Я потрясённо молчал.
— Это было большим ударом не только для тех, кто знал Федоркова. Но и для всей культурной Одессы.
— А из Одесского художественного на выставке ничего не было?
— В Одесском художественном работ Экстер давно уже нет.
— То есть они были?
— Были. Но об этом вам лучше расспросить в самом музее. Записывайте номер Алексеева.
Я уходил от Орловского со смешанными чувствами. С одной стороны, у меня был ещё один контакт, ещё она ниточка. С другой, всё выглядело чрезвычайно запутанным. Убийство, кража, пропажа работ… Признаюсь, такого я не ожидал.
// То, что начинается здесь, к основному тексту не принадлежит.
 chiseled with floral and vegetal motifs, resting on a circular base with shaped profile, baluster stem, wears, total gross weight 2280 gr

Этим вечером поднялся ветер. Он срывал с деревьев последние жёлтые листья и уносил их вниз, к морю. Я стоял у окна своего номера, смотрел на Военную гавань и пытался представить себе, какая паника царила в городе и в порту четвёртого апреля 1919 года. Генерал д’Ансельм назвал тогда поспешную эвакуацию, фактическое бегство «разгрузкой города», проводимой «для уменьшения числа едоков». Именно в этот день отплыли в Константинополь на пароходе «Кавказ» и Цетлины, и Алексей Толстой с женой. Всё, что происходило в тогдашней Одессе, он прекрасно описал в своём «Ибикусе». Под именем одесского губернатора Хаврина, увозившего двенадцать чемоданов денег и железный сундук с валютой, он вывел генерала Шварца, назначенного французами военным генерал-губернатором и командующим всеми русскими войсками Одесского региона. Шварц вместе со всей городской администрацией тоже эвакуировался на «Кавказе». А всего из Одессы ушло тогда больше ста различных судов, и вошедшие в город григорьевцы увидели порт, забитый брошенными автомобилями, ящиками с шампанским и грудами консервов.
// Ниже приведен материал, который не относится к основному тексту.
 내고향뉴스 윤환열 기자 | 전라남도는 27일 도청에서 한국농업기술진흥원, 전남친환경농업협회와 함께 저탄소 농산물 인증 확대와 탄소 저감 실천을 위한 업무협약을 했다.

Михаил Брайкевич, который был в то время городским головой Одессы, принимал участие во всех переговорах с французами. Друг Сомова, Бакста и Бенуа, он в том же году уехал в Батум, а оттуда в Англию, оставив свою прекрасную коллекцию картин на хранение Новороссийскому университету. Сейчас эта коллекция, как и коллекция Александра Руссова, является одной из основных частей собрания художественного музея. Они стали одесскими Щукиным и Морозовым.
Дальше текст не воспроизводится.